—The U.S. Department of Justice will announce stiff new protocols to curtail profiling by federal law enforcement in the coming days, Attorney General Eric Holder announced Monday evening.
Speaking at an interfaith service and community forum at Ebenezer Baptist Church in Atlanta following last week’s grand jury decision in Ferguson, Missouri, Holder previewed the long-awaited announcement, which would be the first change to federal law enforcement guidelines on racial profiling in more than a decade.
“In the coming days, I will announce updated Justice Department guidance regarding profiling by federal law enforcement, which will institute rigorous new standards—and robust safeguards—to help end racial profiling, once and for all,” Holder said at the first of several planned regional community discussions in the aftermath of the Ferguson grand jury decision. “This new guidance will codify our commitment to the very highest standards of fair and effective policing.”
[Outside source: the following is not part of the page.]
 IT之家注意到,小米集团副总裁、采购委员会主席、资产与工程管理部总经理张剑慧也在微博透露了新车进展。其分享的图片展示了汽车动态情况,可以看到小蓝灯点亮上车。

President George W. Bush banned the use of profiling for race in 2003 through the Department of Justice’s Guidance Regarding the Use of Race by Federal Law Enforcement Agencies, but left loopholes for national security investigations and border security. In his 2001 Address to a Joint Session of Congress, Bush said the practice is “wrong and we will end it in America.” Those guidelines, which have been under review by the Justice Department for years, only ended profiling for race, not religion, sexual orientation, national origin, or other factors.
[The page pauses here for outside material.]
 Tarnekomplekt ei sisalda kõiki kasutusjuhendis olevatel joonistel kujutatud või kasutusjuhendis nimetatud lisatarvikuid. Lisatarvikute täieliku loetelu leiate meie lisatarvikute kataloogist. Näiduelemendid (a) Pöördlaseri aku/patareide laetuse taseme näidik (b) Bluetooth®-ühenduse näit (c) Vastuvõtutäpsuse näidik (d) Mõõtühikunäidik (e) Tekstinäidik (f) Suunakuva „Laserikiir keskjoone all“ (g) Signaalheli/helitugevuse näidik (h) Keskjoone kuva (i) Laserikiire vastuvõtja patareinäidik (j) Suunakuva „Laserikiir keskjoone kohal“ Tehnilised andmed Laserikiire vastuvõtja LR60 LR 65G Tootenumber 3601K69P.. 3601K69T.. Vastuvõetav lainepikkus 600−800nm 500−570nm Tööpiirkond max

Holder has spoken previously about having been the subject of profiling, even when he was a federal prosecutor in Washington. Speaking to students at a St. Louis Community College in August after the death of Michael Brown, Holder told of being stopped by a police officer as he ran to catch a movie in Georgetown, a predominately white neighborhood of Washington, as well as unwarranted traffic stops and car searches on the New Jersey Turnpike.
“I remember how humiliating that was and how angry I was and the impact it had on me,” Holder said at the time.
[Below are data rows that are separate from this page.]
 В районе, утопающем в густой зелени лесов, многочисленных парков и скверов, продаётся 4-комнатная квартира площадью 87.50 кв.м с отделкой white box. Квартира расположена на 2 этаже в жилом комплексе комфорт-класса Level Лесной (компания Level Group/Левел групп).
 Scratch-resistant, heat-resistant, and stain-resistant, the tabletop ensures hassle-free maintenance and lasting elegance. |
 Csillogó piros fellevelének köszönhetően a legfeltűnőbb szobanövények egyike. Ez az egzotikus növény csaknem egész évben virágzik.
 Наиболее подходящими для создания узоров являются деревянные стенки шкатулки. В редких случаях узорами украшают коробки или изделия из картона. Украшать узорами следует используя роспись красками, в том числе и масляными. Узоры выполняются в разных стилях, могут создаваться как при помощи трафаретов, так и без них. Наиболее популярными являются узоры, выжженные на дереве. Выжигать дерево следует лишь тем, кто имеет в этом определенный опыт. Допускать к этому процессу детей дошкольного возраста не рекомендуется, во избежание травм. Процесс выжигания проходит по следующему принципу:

Holder’s comments Monday evening come as he is has become the face of the Obama administration’s response to the Brown shooting and subsequent community unrest. Obama tapped Holder in August to take steps to bridge the trust gap that has emerged between law enforcement and the communities they serve, particularly in minority neighborhoods.
“We are dealing with concerns that are truly national in scope and that threaten the entire nation,” Holder told the thousands of attendees. “Broadly speaking, without mutual understanding between citizens–whose rights must be respected–and law enforcement officers–who make tremendous and often-unheralded personal sacrifices every day to preserve public safety–without that trust, without that interaction, there can be no meaningful progress. Our police officers cannot be seen as an occupying force disconnected from the communities they serve. Bonds that have been broken must be restored. Bonds that never existed must now be created.”
Earlier Monday, President Barack Obama announced executive orders to create a Task Force on 21st Century Policing and to order a review of the federal government’s support of state and local law enforcement purchases of military-style equipment. The White House also announced a request to Congress for $75 million over three years to help put 50,000 body-cameras on state and local police officers.
Before a meeting with Georgia community, faith, and law enforcement leaders, Holder said the situation in Ferguson, while tragic, “presents this nation a really unique opportunity” to address “issues that have for too long been ignored.”
Holder appeared to signal that the new guidelines would not eradicate profiling in every instance, but would further curtail its use, though how was not clear Monday. Department of Justice officials declined to further preview the official announcement.
Minority and civil rights groups have long called for the Obama administration to stiffen federal profiling rules, particularly in response to the use of profiling against the Muslim community. They have also called on the department to impose the guidelines on state and local jurisdictions that receive federal funding or work in concert with federal officers.
Speaking at the packed church where Martin Luther King, Jr. preached, Holder assured the audience that the Department of Justice’s investigation into Brown’s shooting death by Ferguson police officer Darren Wilson and its inquiry into the practices of the city’s police department are “ongoing and active.” Acknowledging that federal law sets an “extremely high legal bar in these types of cases,” Holder reiterated that the investigations would be “conducted both thoroughly and in a timely manner—following the facts and the law wherever they may lead.”
But Holder also spoke out against protests in Ferguson and other places that have turned violent at times. “It is deeply unfortunate that this vital conversation was interrupted, and this young man’s memory dishonored, by destruction and looting on the part of a relatively small criminal element,” Holder said.